Looking to the existing common law, I cannot agree that a lack of proximate cause is a valid reason for precluding liability on the part of the social host. For example, we have no difficulty in finding proximate cause where a person provides a vehicle to another person in a negligent entrustment cause of action. Further, we encounter no difficulty in finding proximate cause in a ease where a commercial provider of alcoholic beverage sells to an intoxicated person.
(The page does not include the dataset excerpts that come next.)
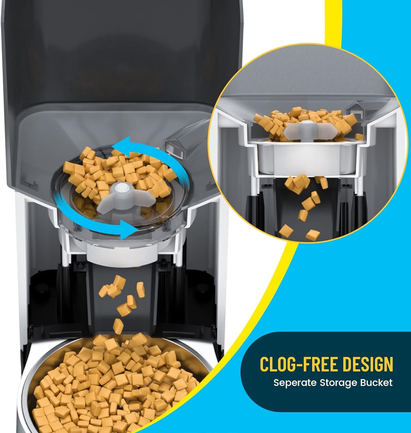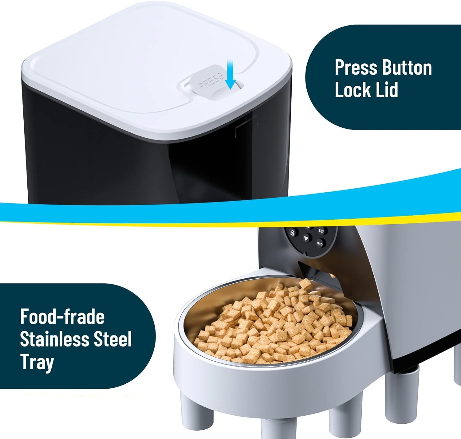 🐾 User Friendly Design: The cat food dispenser has a transparent hopper,making it easy to see remaining food and replenish in time.The press button cover prevents the pet from turning over the food.Attached stainless steel food bowl is easy to clean.
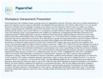 Workplace Harassment Prevention. (2022, Jun 29). Retrieved from https://hub.papersowl.com/examples/sexual-harassment-in-the-workplace/
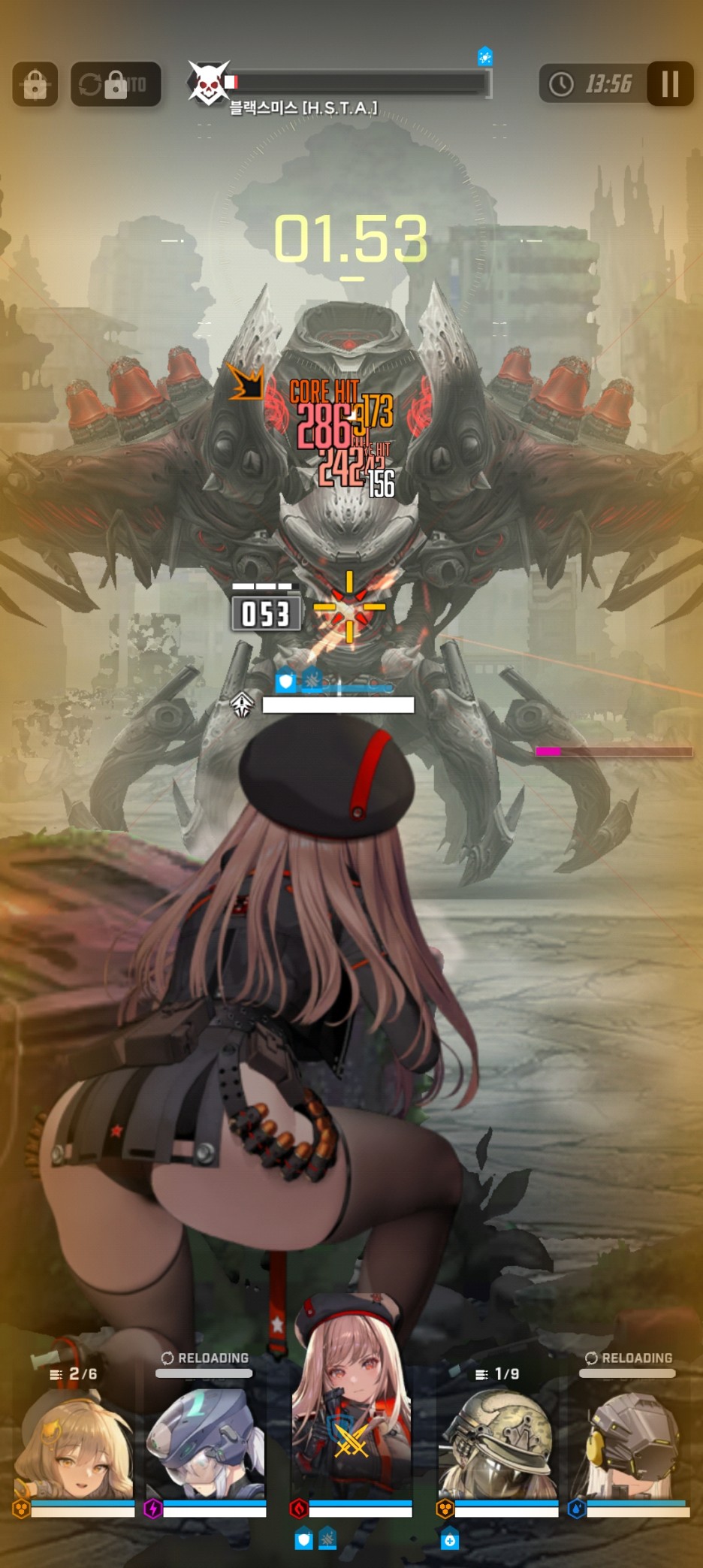 보스몹과 캐릭터(니케)가 잘 만들어졌고 캐릭터를 전환해서
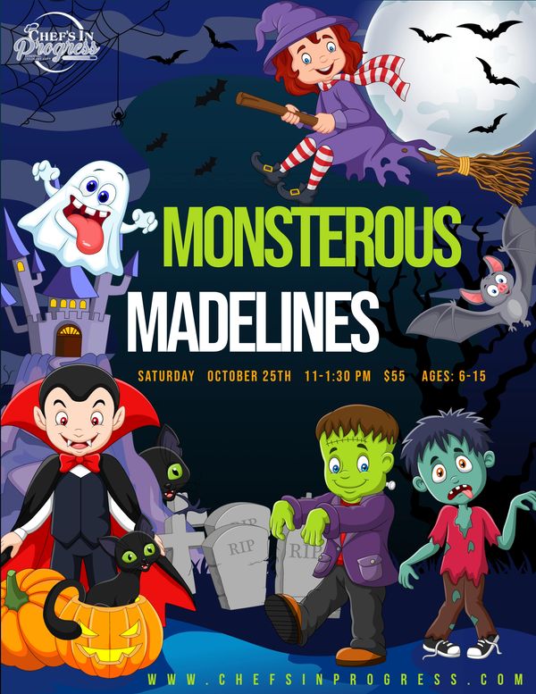 Join us for a frightfully fun Halloween baking class where kids will transform soft vanilla bean madeleine cookies into wild, colorful
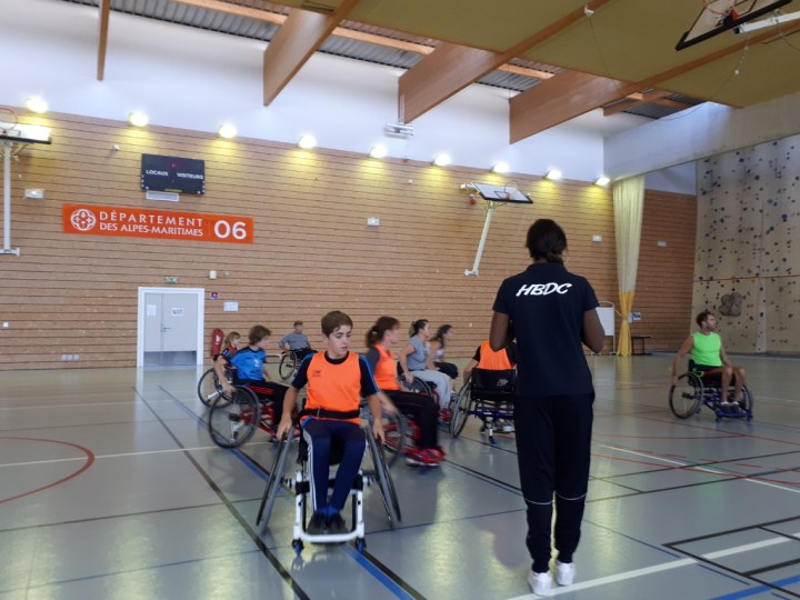 Au gymnase du Bois-de-Saint-Jaume, situé près du collège du Rouret – une commune à proximité de Biot et d’Opio-, le tableau d’affichage indique 11h30. En ce samedi matin de novembre, les plus petits du Handball des Collines (âgés de 2 à 5 ans) viennent tout juste de terminer leur entraînement. Même si la grande majorité de ces débutants quittent la salle, Valentine, 6 ans, et sa copine Dorine restent sur le terrain. Elles vont participer à la séance de hand fauteuil qui mélange petits et grands, handicapés et valides, sans distinction.

Given that our legislature has not specifically addressed the social host issue and that the traditional common law concept of proximate cause does not preclude a duty on a social host, we must then ascertain whether our State’s highest court, under the principle of stare decisis, has provided guidance. Only two years ago the Amarillo Court of Appeals in Walker v. Children’s Services, Inc., 751 S.W.2d 717 (Tex.App.—Amarillo 1988, writ denied), had before it the issue of a social host’s duty to the person to whom alcohol is served. Broadly stating the issue, however, to include social hosts’ liability to third-party victims as well, the Amarillo court concluded that the El Chico duty should not be extended to social hosts.

Subsequently, our supreme court, on application for writ of error, denied the application with the notation “Writ Denied.” Rule 133 of the Texas Rules of Appellate Procedure provides that if the “application presents no error of law which requires reversal or which is of such importance to the jurisprudence of the State as to require correction, the court will deny the application with the notation ‘Writ Denied.’ ” (Emphasis added.) Thus, our supreme court recently had before it this issue of importance to the jurisprudence of the State and implicitly concluded that the pronouncement of the Amarillo Court of Appeals need not be corrected. Analogous to an Erie guess in federal diversity litigation, I therefore conclude that our highest court does not recognize the cause of action asserted by the appellants herein.

Accordingly, I would affirm the judgment of the trial court.